Food Injustice

Land is a bank account: A journey into the polluted heart(land) of American agriculture

A brief journey through agricultural capitalism.

Liz Turner

October 10, 2022

A little something about me: I grew up in Vermont. My childhood was full of idyllic farm-adjacent experiences: I took class trips to apple orchards and maple sugarhouses; my friends joined the workforce by way of the strawberry fields at the organic farm just down the road from our middle school. I loved visiting hillside dairies run by friends and neighbors, smelling the sweet stink of the barns and running my hands over the cows’ velvety noses.

The farmers I grew up around often had multi-generational ties to their land, and were actively involved in daily operations — transplanting tomatoes in the late spring, or pruning apple trees through the darkest winter days. My lived understanding of the “family farm” was as close to its storybook version as you can get — an ideal baked into the American imagination of agriculture since Thomas Jefferson praised “small landholders” as the “most precious part of the state” in a 1785 letter to James Madison.

After college, I moved back to my hometown, my interest in food systems newly piqued by conversations with the vegan activists I had lived with at school and an enthusiastically underlined copy of The Omnivore’s Dilemma. I became friends with farmers my age, mostly “flatlanders,” folks from out of town who were drawn to southeastern Vermont for its progressive politics and locally centered, entrepreneurial culture — the product of old-school Yankee self-sufficiency combined with back-to-the-land ideals of my boomer parents’ cohort. As my friends’ businesses matured, they struggled to secure their own land due to stiff competition from other locals and second-home shoppers from Boston and New York who loved that classic Vermont farmhouse look. The lucky ones had family money they could use as a down payment, or had the good fortune to win a bid on a farm preserved through one of Vermont’s land trusts, or both. Others missed out, and either continued scraping by on leased land and side hustles or found a new way to make a living.

Then I spent a few years in Oregon, and got a closer look at some of the industrial agriculture practices that I had only read about before my move. I worked weekends at a farmers market, and got to know more idealistic young farmers, who aspired to much the same livelihood of my pals back home — a modest, honest living growing vegetables and pasture-raised animals. They faced many of the same barriers to success — chief among them, access to land.

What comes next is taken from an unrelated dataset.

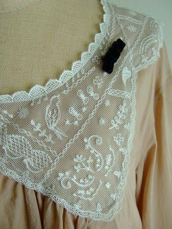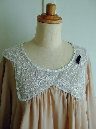 color ピンクベージュ、オフホワイト、素材 テンセル100%、(レース部分)ナイロン100%、made in China、size 38、着丈60cm、バスト100cm、袖丈57cm(切替しより51cm)、肩幅38cm、ベロアのリボンにピンが付いており取り外し可能です。裾に同色の糸でドット刺繍が施されています。

It seemed, to me, a failure of government that it was so hard for the “good kind” of farmers – family farmers, as I thought of them – to find security and make a living growing our country’s food, while bad “industrial” or “corporate” farms seemed to thrive. I became more and more fascinated – obsessed, really – with figuring out how to get to the bottom of this problem: how to  get closer to a world where people who want to feed their communities and treat the earth like a resource that deserves careful tending can attain the exact right square of soil to serve as both the basis for their livelihood and also as their home, their forever place. Farmland and a particular flavor of family-scale “sustainable” farming became almost talismanic to me, the key to unlocking a fantastical, just agrarian society. Then I learned a little more about Iowa.